> Given material

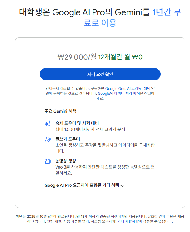 세계 대학생들에게 제공되는 Gemini 1년 무료 구독 이벤트가 진행 중입니다. (마감일이 얼마 안남았습니다.)
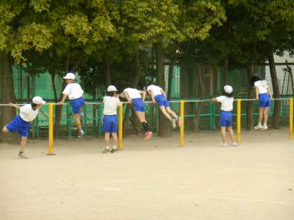 学習の狙いを確認した後,ねらい1「今できる技(上がり技・支持回転技・下り技)で連続や組み合わせに挑戦する」の活動をしました。
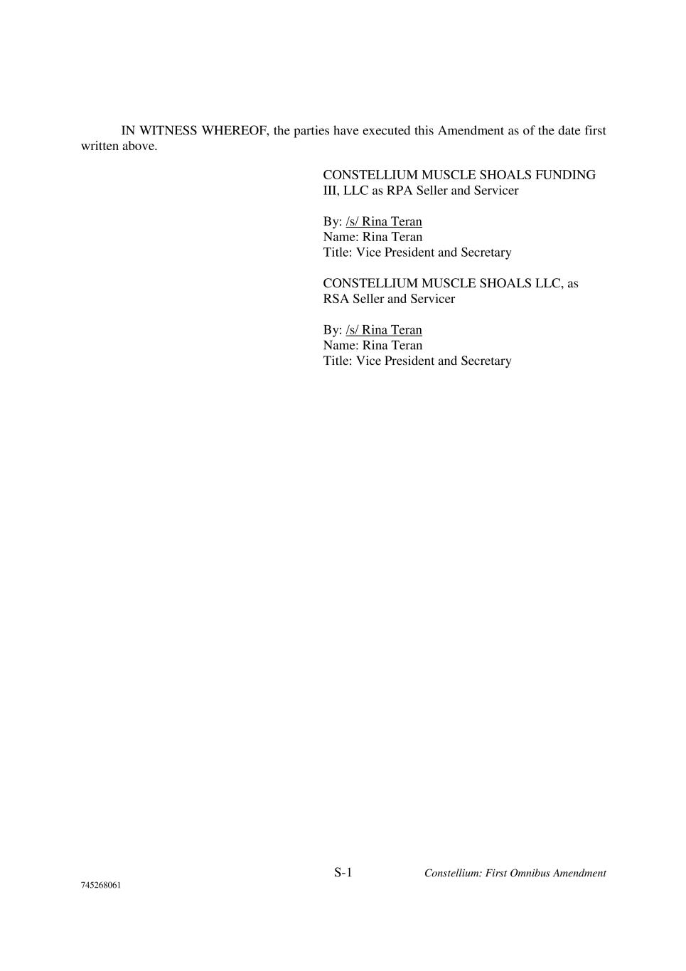 S-1 Constellium: First Omnibus Amendment 745268061 IN WITNESS WHEREOF, the parties have executed this Amendment as of the date first written above. CONSTELLIUM MUSCLE SHOALS FUNDING III, LLC as RPA Seller and Servicer By: /s/ Rina Teran Name: Rina Teran Title: Vice President and Secretary CONSTELLIUM MUSCLE SHOALS LLC, as RSA Seller and Servicer By: /s/ Rina Teran Name: Rina Teran Title: Vice President and Secretary

> Exercise objective
Your task is to repeat only the lines from the line containing "学習の狙いを確認した後,ねら" through the final line of the material, inclusive; do not include pictures.

> Result of the exercise
 学習の狙いを確認した後,ねらい1「今できる技(上がり技・支持回転技・下り技)で連続や組み合わせに挑戦する」の活動をしました。
 S-1 Constellium: First Omnibus Amendment 745268061 IN WITNESS WHEREOF, the parties have executed this Amendment as of the date first written above. CONSTELLIUM MUSCLE SHOALS FUNDING III, LLC as RPA Seller and Servicer By: /s/ Rina Teran Name: Rina Teran Title: Vice President and Secretary CONSTELLIUM MUSCLE SHOALS LLC, as RSA Seller and Servicer By: /s/ Rina Teran Name: Rina Teran Title: Vice President and Secretary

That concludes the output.